Тем временем я импровизировал мелодию. Сначала пришла музыкальная
фраза на последние две строчки, а потом придумалось и начало куплета.
Кажется, не прошло и двух часов, rак "Бригантина" была готова к "спуску
на воду".
Откровенно говоря, авторы остались довольны своим произведением. Понравилось оно и
нашим друзьям".
А один из этих друзей – студент Литинститута Евгений Агранович, часто бывавший у Когана, – даже внёс свою редакторскую лепту.
Надоело говорить, и спорить,
И любить усталые глаза...
В флибустьерском дальнем море
Бригантина поднимает паруса...
Тогда Агранович предложил, чтобы все строки были одного размера, добавить в текст одно слово. Получилось:
В флибустьерском дальнем синем море
Бригантина поднимает паруса...
А вот как Евгений Данилович Агранович, сам написавший впоследствии
много песен, ставших подлинно народными (таких, как "Я в весеннем лесу
пил берёзовый сок", "Пыль" на стихи Киплинга, песню из фильма
"Офицеры"), объясняет побудительный порыв возникновения "Бригантины":
"Итак, зачем первые строки "Бригантины" и как возникли? А не будь их,
прожила бы песня столько лет? Уверен, для Павла первый куплет не был
чем-то выношенным и обдуманным. Поэт просто выплеснул, что томило душу,
без объяснений:
Надоело говорить и спорить,
И любить усталые глаза...
Увлекательные многочасовые споры школяров и первокурсников,
глобальные, глубокие, важнейшие (как мне казалось), некую потребность
души наркотически утоляли, но насытить не могли. Оставляли они после
себя тревожную пустоту, мертвую надуманность. Догмы казенной философии и
щелки не оставляли для вольного воздуха мнений и поисков правды. Все
были стопроцентно ортодоксальны, уже знали – шаг вправо-влево – пуля.

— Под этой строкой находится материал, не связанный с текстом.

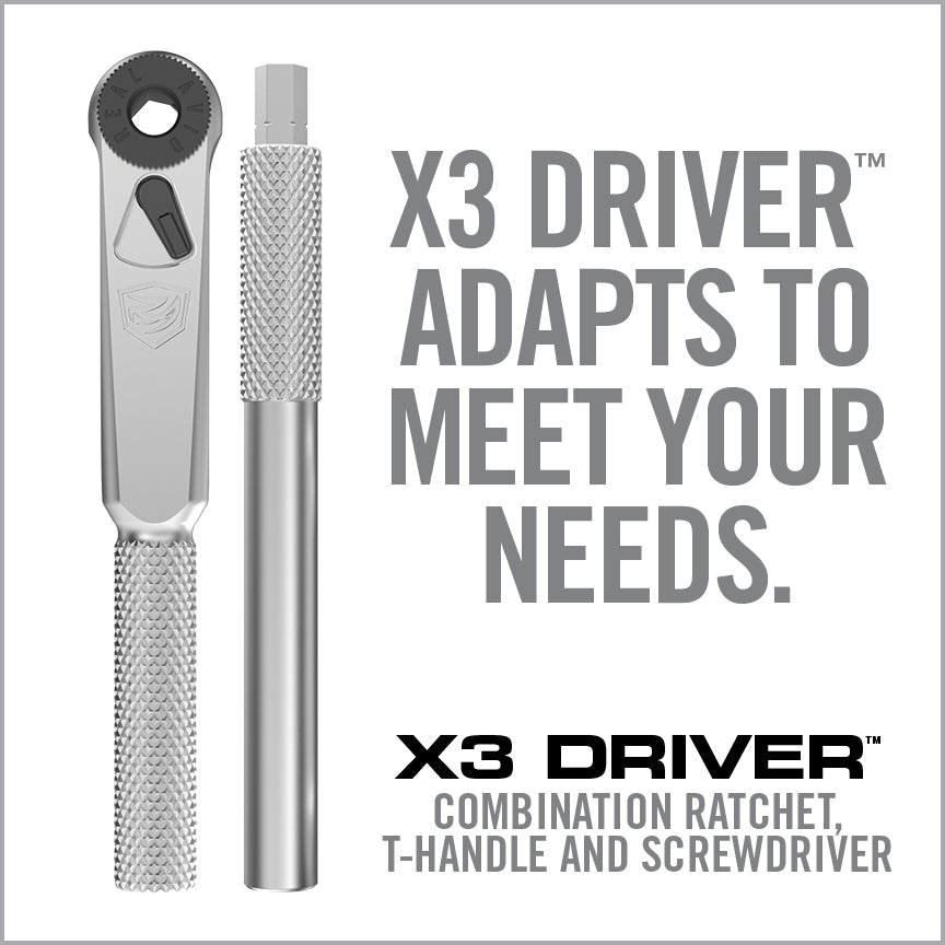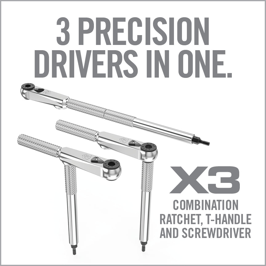 - X3 Driver™ combines a 72-tooth ratcheting driver, T-handle and screwdriver.
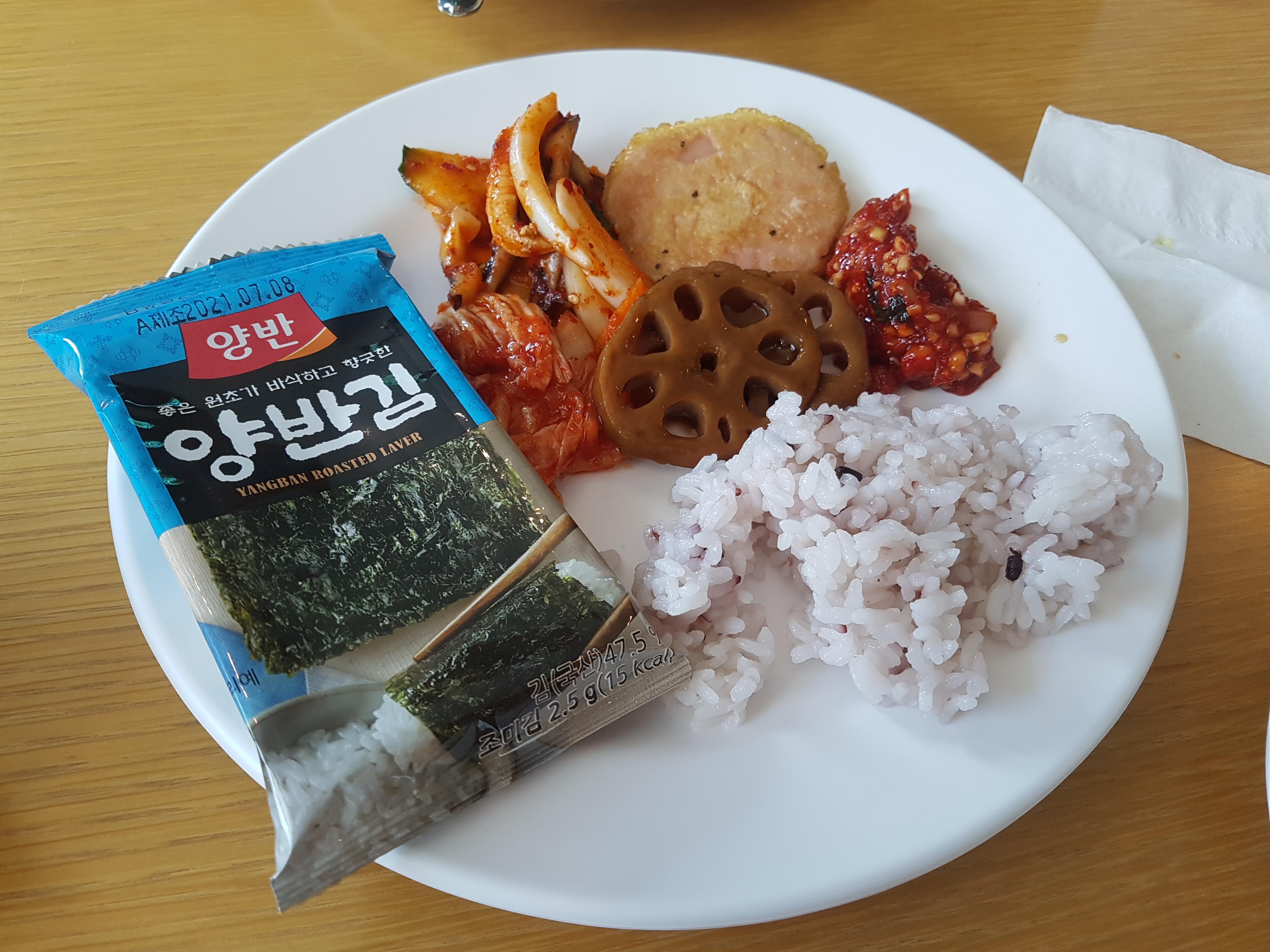 한식 메뉴를 담아왔습니다. 한식 메뉴는 맛있었어요. 반찬가게에서 맛볼 수 있는 흔한 맛입니다.
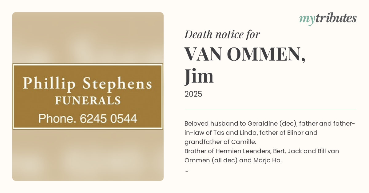 Brother of Hermien Leenders, Bert, Jack and Bill van Ommen (all dec) and Marjo Ho.
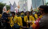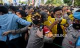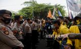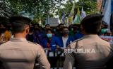 Petugas kepolisian menjaga barikade saat aksi mahasiswa yang tergabung dalam Aliansi BEM Seluruh Indonesia (BEM SI) dan Gerakan Selamatkan KPK (GASAK) di sekitar Gedung Merah Putih KPK, Jakarta, Senin (27/9). Dalam aksi tersebut BEM SI bersama GASAK menuntut pembatalan pemecatan 56 pegawai KPK yang tidak lulus Tes Wawasan Kebangsaan (TWK) pada 30 September mendatang. Republika/Thoudy Badai (FOTO : Republika/Thoudy Badai)
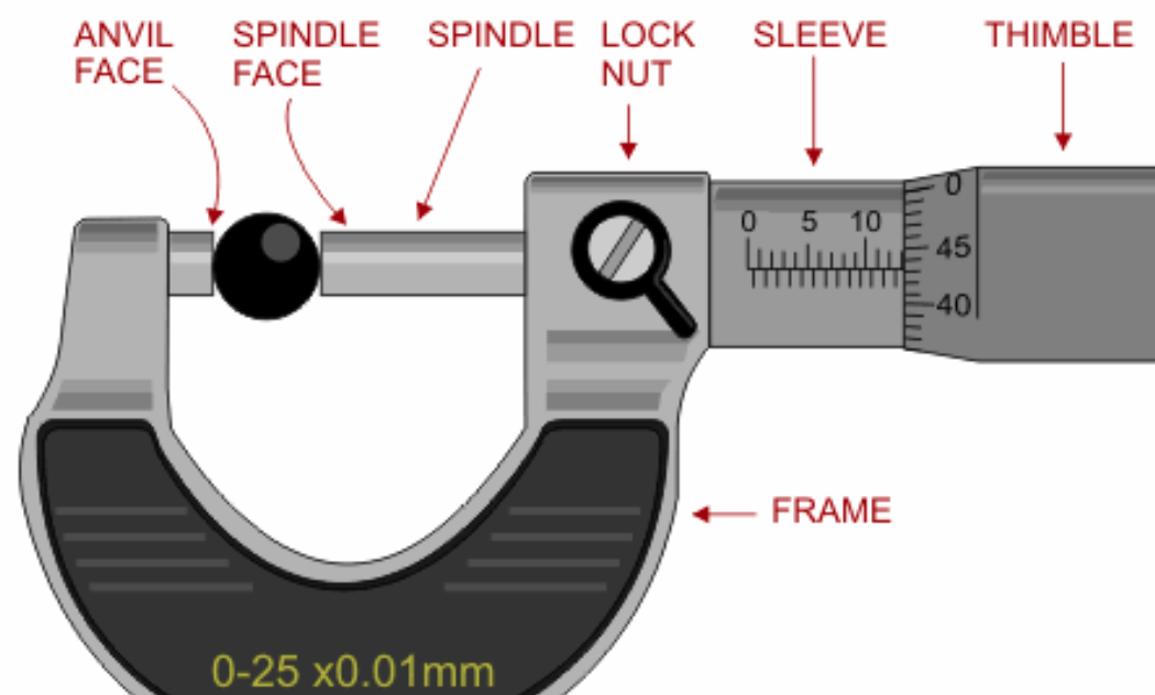 Чтобы понять, как работает микрометр, сначала следует рассмотреть основные компоненты инструмента. Анализ компонентов также должен способствовать вашему пониманию того, как читать показания микрометра.

Всех ошеломили чудовищные процессы 1937–38 годов, гибель многих кумиров
молодёжи. Говорить и спорить бесполезно и смертельно опасно.
А что это – "любить усталые глаза"? Любовь безрадостная, неразделенная... И неотпустимая – ни обнять, ни бросить.
Нет поэту опоры ни в любви, ни в шумной ватаге спорщиков. Душа
устремилась в дальнее и давнее море, под рваные паруса флибустьерской
бригантины.
Хорошо, юношеская романтика, сказка, мечта... Но почему спасаться
надо в чужой, насквозь книжной, такой выдуманной легенде? Разве ничего
нет ближе, родней, теплей? Вот "в далёкий край товарищ улетает" – лётчик
Долматовского и Богословского. "Любимый город может спать спокойно..." А
героика гражданской войны, пронизавшая всю литературу, музыку?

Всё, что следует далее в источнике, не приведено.